—За Сережкой,—сказал я. От изумления у него на миг округлились глаза, а потом на лице проступило мрачное торжество: мол, я так и знал.
—Ну что?—спросил он.—Уже и новых героев в ту же молотилку?
—Слушай, форпост Европы,—сказал я.—Только не сейчас.
Не смертельно, лихорадочно думал я. Не смертельно. Ни его, ни меня пальцем не тронули... Назвали на «вы»... Не сорвали награды и знаки различия... Не отобрали трость—а ведь сталось бы, если моча в голову ударит или если получена соответствующая инструкция. Демонстративно вежливы были, просто демонстративно. Извинились—это вообще ни в какие ворота. Не смертельно. Совершенно другой код. Непонятно—да. Но явно не смертельно.
—Что теперь?—спросил тесть.
—А ты разве не слышал?—ответил я.—Можешь продолжать сон.
Он дернул губами и, резко повернувшись, ушел к себе. Плотно закрыл дверь.
Все равно я услышал, как звякнул стакан.
В спальне горел ночник. Маша сидела на кровати, обхватив колени руками и глядя в стену.
—Ты им отдал его без единого слова,—сказала она, глянув на меня коротко и непримиримо.
—С этими говорить не о чем,—ответил я.
—Ты им его отдал!—крикнула она.
—Ты бы хотела, чтоб я начал отстреливаться? Вот тогда бы нам всем конец.
—А так—всего лишь ему, да?
—Нет,—сказал я.—Не глупи. Это не то, что тебе показалось.
—А что? На прием в Кремль так не увозят.
—Да.
—Так что тогда?
—Еще не знаю.
Было без четверти четыре. Звонить куда-то—бессмысленно. Коба, возможно, и не спит еще, но наверняка не будет обрадован, если ему жахнуть сейчас по мозгам нашими проблемами. Лаврентию звонить раньше девяти утра тоже не стоило. Озвереет попусту, безо всякой пользы для дела.
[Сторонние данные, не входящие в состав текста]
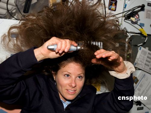 八月十九日,美国宇航局指令“奋进”号航天飞机快速脱离国际空间站,直接按轨道向地球返航,赶在大西洋飓风“迪安”抵达美国本土前一天“回家”。女宇航员特蕾西-考德威尔高兴地在太空中梳理云鬓,将失重飘舞的长发美化一番。中新社发 nasa 摄

Минут пять я катал варианты и так и этак; очень трудно было сосредоточиться под осуждающим и нетерпеливым взглядом Маши. Ничего не вытанцовывалось; по всему получалось, надо ждать. Пусть каких-то несколько часов, и пусть даже они могли оказаться для сына нелегкими.
—Хочешь брому?—спросил я.
—Ты за кого меня принимаешь?—спросила она. Действительно, она не проронила ни звука, ни слезинки.—За кисейную барышню? Не дождешься. Я колючую проволоку под пулеметным огнем резала. И не вздумай меня утешать руками. Я ничего не забыла.
—Чего ты не забыла?—устало спросил я.
—Ничего не забыла.
—Чего ничего?
Она не ответила.
Больше мы не разговаривали. Сохранять неподвижность было труднее всего. Тело требовало действий: стрелять, бежать, ползти, карабкаться, закладывать адские машины. Душить. Но было бы бездарно и недостойно бегать из угла в угол. Маша тоже осталась сидеть—в полупрозрачной соблазнюшке, такой беспомощно-трогательной сейчас, точно любимый зайка на подушке больного ребенка; со спутанными волосами на плечах, грудью в голубых прожилках, сухими глазами и ускользающим от меня взглядом.
Светало. Снаружи зазвучало утро; подали голоса просыпающиеся птицы, невозбранно прокатил по пустой улице первый троллейбус, что-то уронил дворник. Еще час, думал я. Еще какой-то час. С кого начать? Кому звонить первому, чтобы не напортачить и не сделать хуже? Наверное, сначала окольно... Климу? Он же оборонный нарком, его подпись еще не просохла на приказе о Сережкином награждении... Васе Сталину? Занавески на окнах медленно пропитывались розовым соком и начали светиться, как лепестки цветов на просвет. И в этот момент в замке лестничной двери заскрежетал ключ.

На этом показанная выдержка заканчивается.